Pero a pesar de todo, y de manera muy limitada,
podré quizá contestar vuestra pregunta,
cosa que por lo demás hago de muy buen grado. Lo primero que aprendí fue a
estrechar la mano en señal de convenio solemne. Estrechar la mano es símbolo de
franqueza. Hoy, al estar en el apogeo de mi carrera, tal vez pueda agregar, a
ese primer apretón de manos, también la palabra franca. Ella no brindará a la
Academia nada esencialmente nuevo, y quedaré muy por debajo de lo que se me
demanda, pero que ni con la mejor voluntad puedo decir.
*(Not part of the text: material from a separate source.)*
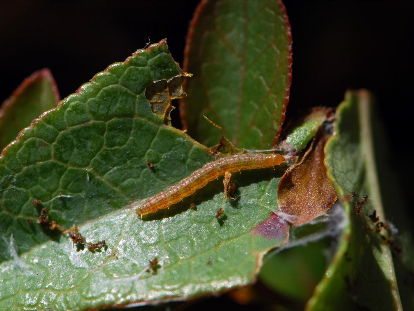 La chenille de cette espèce est généralement peu dommageable pour les bleuetières, mais des infestations importantes sont observées de façon sporadique. Les larves rassemblent plusieurs feuilles entre elles à l'aide de la soie qu'elles produisent pour en faire un genre de tube. Les feuilles présentes à la tête des plants sont particulièrement fréquemment attaquées. Le feuillage grignoté par les larves prend une teinte rougeâtre et de grandes quantités d'excréments sont observables à l'intérieur des tubes de feuilles. Les dommages au feuillage des plants ne causent généralement pas de perte de rendements. En effet, les rendements sont affectés surtout par le fait que de nombreux fruits peuvent être liés au feuillage par la soie des chenilles. La cueillette devient ainsi plus difficile et certains fruits doivent être abandonnés au champ. De plus, lors de fortes infestations, de nombreuses larves peuvent être ramassées lors de la récolte, ce qui cause des problèmes au moment de la transformation.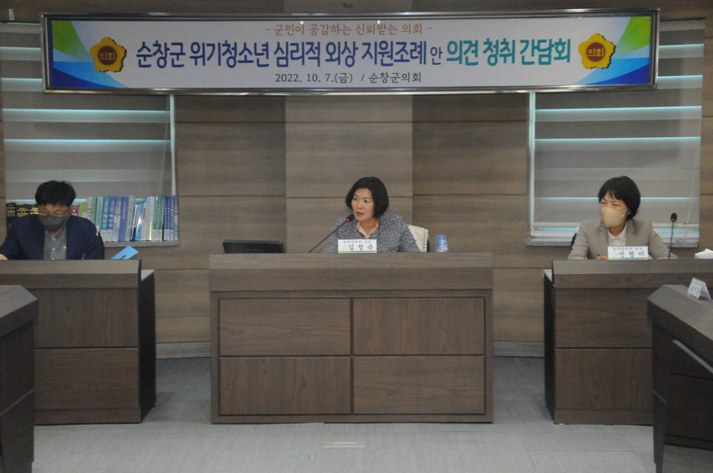 이번 간담회를 주관한 김정숙 의원은“이번 조례 제정을 통해 순창군 관내 아동·청소년이 고통없는 건강한 성장을 통해 행복한 삶을 누릴 수 있기를 바란다”고 밝혔다.

De cualquier manera,
con estas palabras expondré la línea directiva por la cual alguien que fue mono
se incorporó al mundo de los humanos y se instaló firmemente en él. Conste
además, que no podría contaros las insignificancias siguientes si no estuviese
totalmente convencido de mí, y si posición no se hubiese afirmado de manera
incuestionable todos los grandes music-halls del mundo civilizado.
Soy originario de la Costa de Oro. Para saber cómo
fui atrapado dependo de informes ajenos. Una expedición de caza de la firma
Hagenbeck -con cuyo jefe, por otra parte, he vaciado no pocas botellas de vino
tinto- acechaba emboscada en la maleza que orilla el río, cuando en medio de
una banda corrí una tarde hacia el abrevadero. Dispararon: fui el único que
hirieron, alcanzado por dos tiros.
Uno en la mejilla. Fue leve pero dejó una gran
cicatriz pelada y roja que me valió el repulsivo nombre, totalmente inexacto y
que bien podía haber sido inventado por un mono, de Peter el Rojo, tal como si
sólo por esa mancha roja en la mejilla me diferenciara yo de aquel simio
amaestrado llamado Peter, que no hace mucho reventó y cuyo renombre era, por lo
demás, meramente local. Esto al margen.
El segundo tiro me atinó más abajo de la cadera. Era
grave y por su causa aún hoy rengueo un poco. No hace mucho leí en un artículo
escrito por alguno de esos diez mil sabuesos que se desahogan contra mí desde los
periódicos "que mi naturaleza simiesca no ha sido aplacada del todo",
y como ejemplo de ello alega que cuando recibo visitas me deleito en bajarme
los pantalones para mostrar la cicatriz dejada por la bala. A ese canalla
deberían arrancarle a tiros, uno por uno, cada dedo de la mano con que escribe.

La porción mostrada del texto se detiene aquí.